* _Instructions to follow_:
Quote the whole listing word for word. Do not include the pictures.

* _Supplied material_:
———
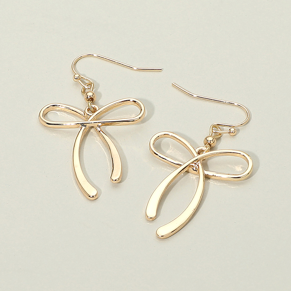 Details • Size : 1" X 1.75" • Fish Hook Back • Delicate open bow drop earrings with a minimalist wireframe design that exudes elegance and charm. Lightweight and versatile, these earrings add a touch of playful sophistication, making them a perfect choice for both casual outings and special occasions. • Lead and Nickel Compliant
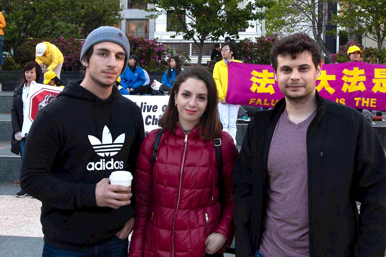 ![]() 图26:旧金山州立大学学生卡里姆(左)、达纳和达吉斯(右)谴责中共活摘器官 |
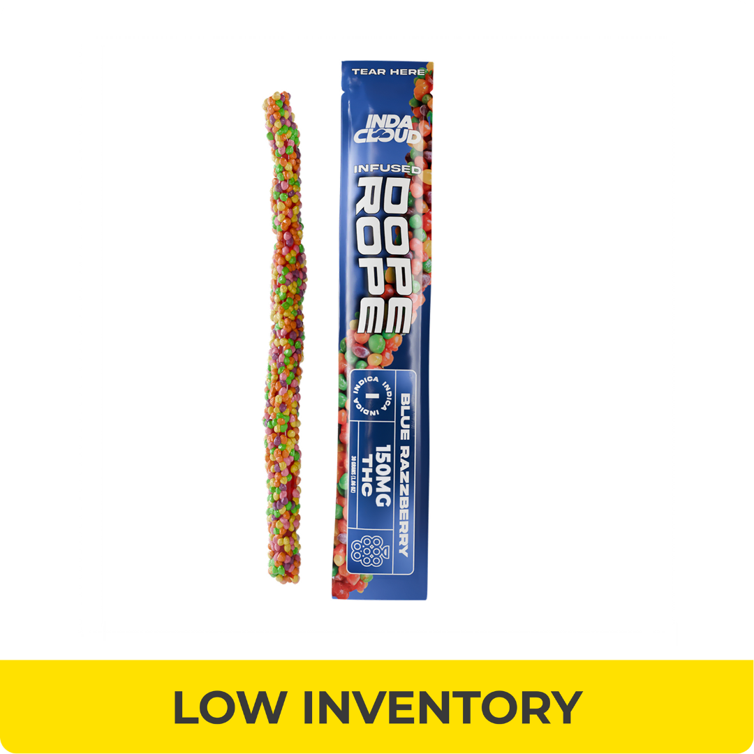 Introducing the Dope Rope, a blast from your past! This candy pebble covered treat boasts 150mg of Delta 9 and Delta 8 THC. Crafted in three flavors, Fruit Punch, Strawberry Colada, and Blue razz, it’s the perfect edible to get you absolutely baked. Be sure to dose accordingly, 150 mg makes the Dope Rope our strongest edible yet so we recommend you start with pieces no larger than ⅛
———
* _Your solution_:
 Details • Size : 1" X 1.75" • Fish Hook Back • Delicate open bow drop earrings with a minimalist wireframe design that exudes elegance and charm. Lightweight and versatile, these earrings add a touch of playful sophistication, making them a perfect choice for both casual outings and special occasions. • Lead and Nickel Compliant
 ![]() 图26:旧金山州立大学学生卡里姆(左)、达纳和达吉斯(右)谴责中共活摘器官 |
 Introducing the Dope Rope, a blast from your past! This candy pebble covered treat boasts 150mg of Delta 9 and Delta 8 THC. Crafted in three flavors, Fruit Punch, Strawberry Colada, and Blue razz, it’s the perfect edible to get you absolutely baked. Be sure to dose accordingly, 150 mg makes the Dope Rope our strongest edible yet so we recommend you start with pieces no larger than ⅛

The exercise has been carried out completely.